Avec l’imagerie par résonance magnétique pondérée en diffusion, on peut examiner la connectivité du réseau et comment cela donne lieu à un comportement humain complexe. Le principal avantage de ce pipeline d’IRM de diffusion par rapport aux méthodes standard telles que l’imagerie du tenseur de diffusion est que la combinaison de l’imagerie pondérée en diffusion à haute résolution angulaire et de la reconstruction sans modèle nous permet de mieux résoudre les configurations complexes de fibres dans le cerveau. Les implications de cette technique s’étendent à la caractérisation des conditions neuropsychologiques.

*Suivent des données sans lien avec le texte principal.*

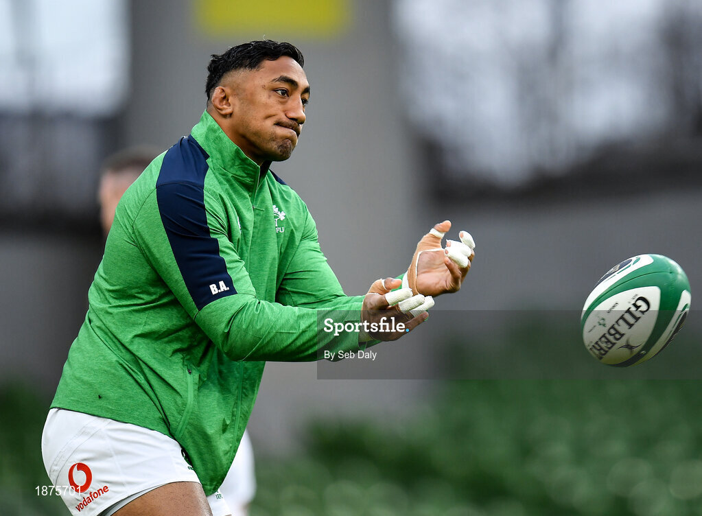 31 January 2020; Bundee Aki during an Ireland Rugby captain's run at the Aviva Stadium in Dublin. Photo by Seb Daly/Sportsfile
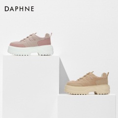 Daphne/达芙妮圆头厚底系带立体拼接工装风松糕底休闲鞋
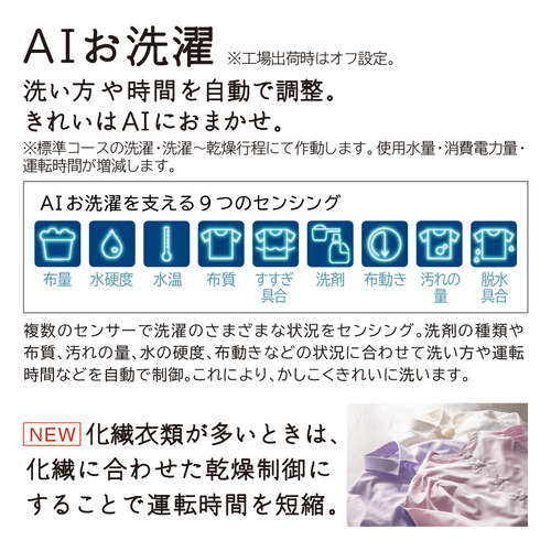 ●洗い方や時間を自動で調整、化繊衣類が多いときは、化繊に合わせた乾燥制御にすることで運転時間を短縮「AIお洗濯」(※)※使用水量・消費電力量・運転時間が増減します。
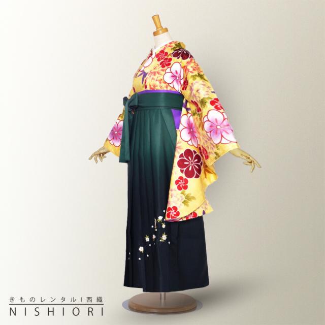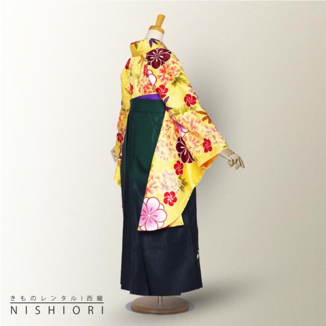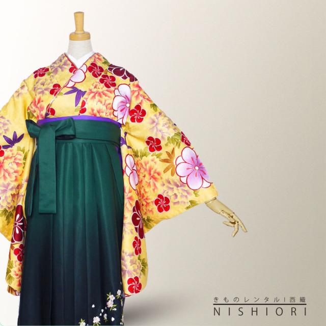 二尺袖 着物 袴 レンタル 貸衣装 Sサイズ Mサイズ Lサイズ 小学生 対応可 黄色 牡丹 緑 ブーツ選択可
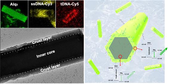 이미지 확대보기고려대 KU-KIST 융합대학원 안동준 교수(52) 연구팀은 휴대폰이나 태블릿PC 등 소형 디스플레이에 주로 사용되는 OLED소재와 생체분자의 특이적 인식 효과를 융합시킨 첫 사례로서 바이오-LED 현상을 최초로 구현했다. 이 논문은 네이처 커뮤니케이션즈 온라인판 1월 4일자에 ‘Bio-recognitive photonics of a DNA-guided organic semiconductor’라는 제목으로 게재됐다.
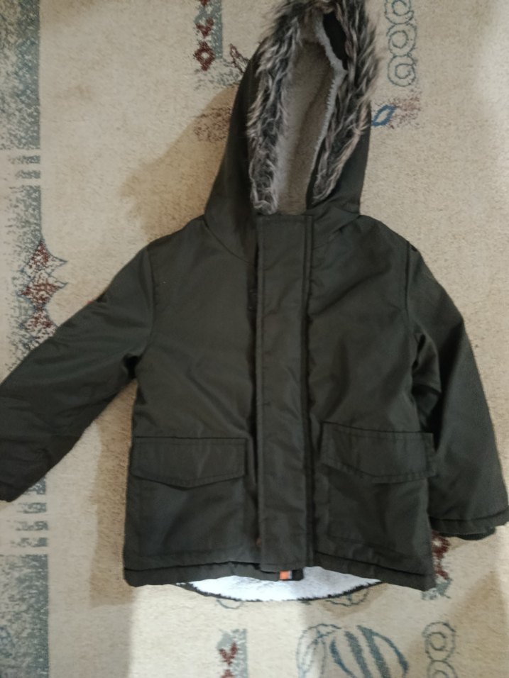 Gri renkli, kapüşonlu ve kürklü detaylı erkek çocuk montu. Yumuşak ve sıcak kumaştan, bol kesim ve cep detaylıdır. çok yeni defo yok

Par exemple, la prosopagnosie congénitale dans laquelle les individus présentent une altération de la reconnaissance faciale. En utilisant l’IRM de diffusion standard, il a été démontré que les faisceaux de fibres de substance blanche proximales aux zones de traitement du visage sont dégradés par rapport aux témoins normaux. En combinant l’IRM structurelle et fonctionnelle, on peut identifier les déficiences structurelles de la fibre, en particulier les nœuds de connexion dans le réseau de traitement du visage.
Cette méthode peut également être appliquée dans un contexte clinique tel que la planification neurochirurgicale. Les chirurgiens utilisent la cartographie fonctionnelle pour identifier les tissus de matière grise associés à des fonctions cognitives importantes afin de minimiser les dommages accidentels pendant la chirurgie. Grâce à des informations structurelles supplémentaires, telles que l’imagerie pondérée en fonction de la diffusion, ils peuvent également minimiser les dommages causés aux structures critiques de la substance blanche qui relient ces zones fonctionnelles.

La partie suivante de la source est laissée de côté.